* **Given information**:

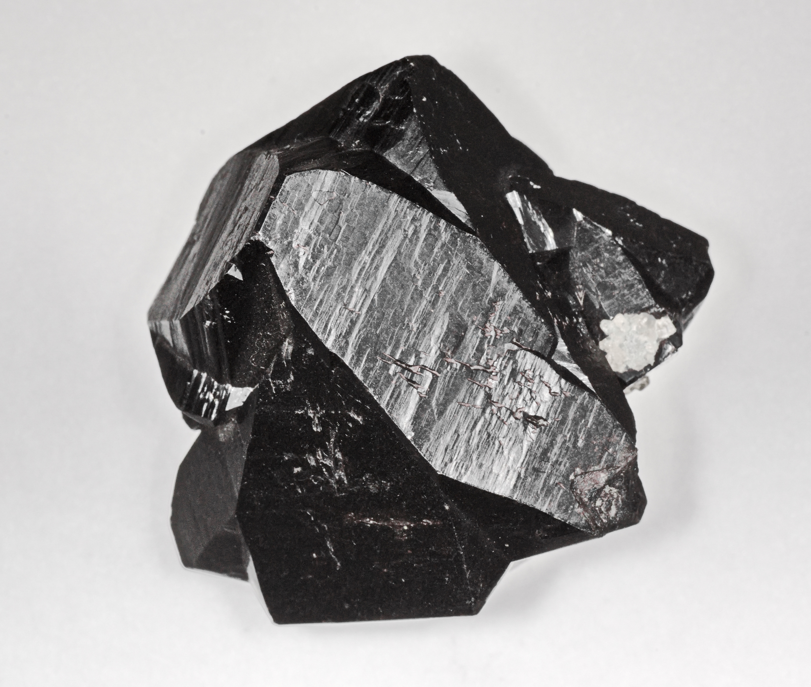 Cassiterite – Krásno, Karlovy Vary Region, Czech Republic
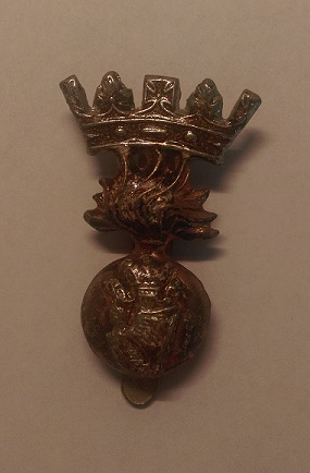 Photo of Royal Irish Fusiliers Cap Badge from personal collection
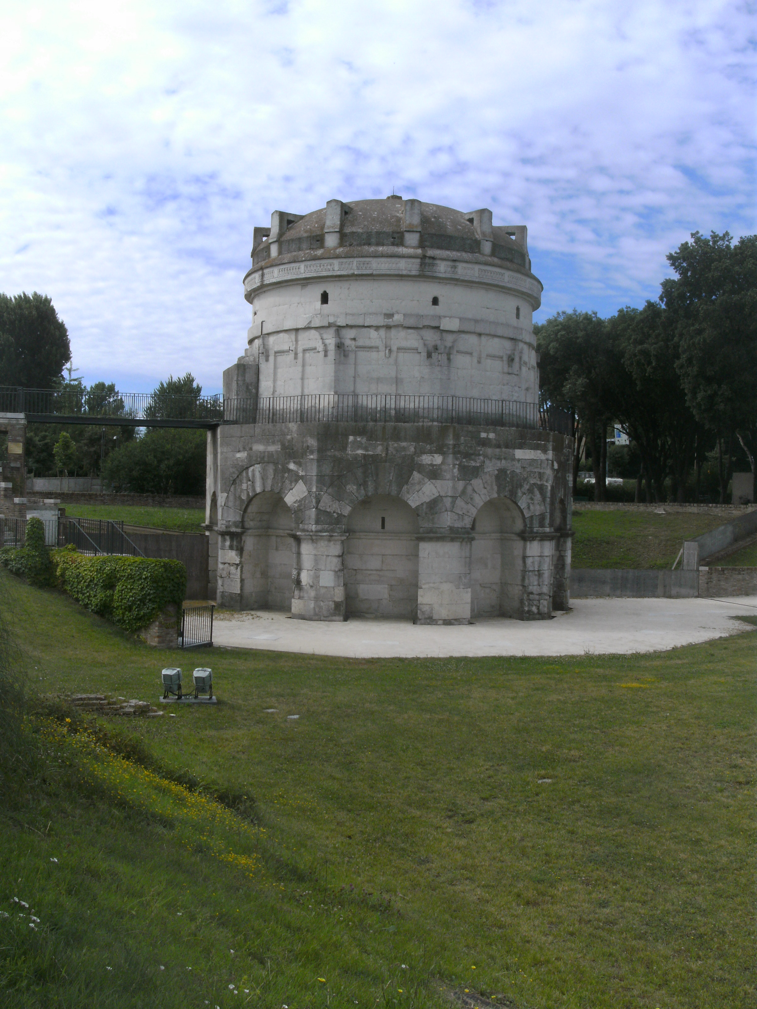 North side of the Mausoleum.

* **Exercise description**: Return all material verbatim, pictures omitted.

* **Solved problem**:
 Cassiterite – Krásno, Karlovy Vary Region, Czech Republic
 Photo of Royal Irish Fusiliers Cap Badge from personal collection
 North side of the Mausoleum.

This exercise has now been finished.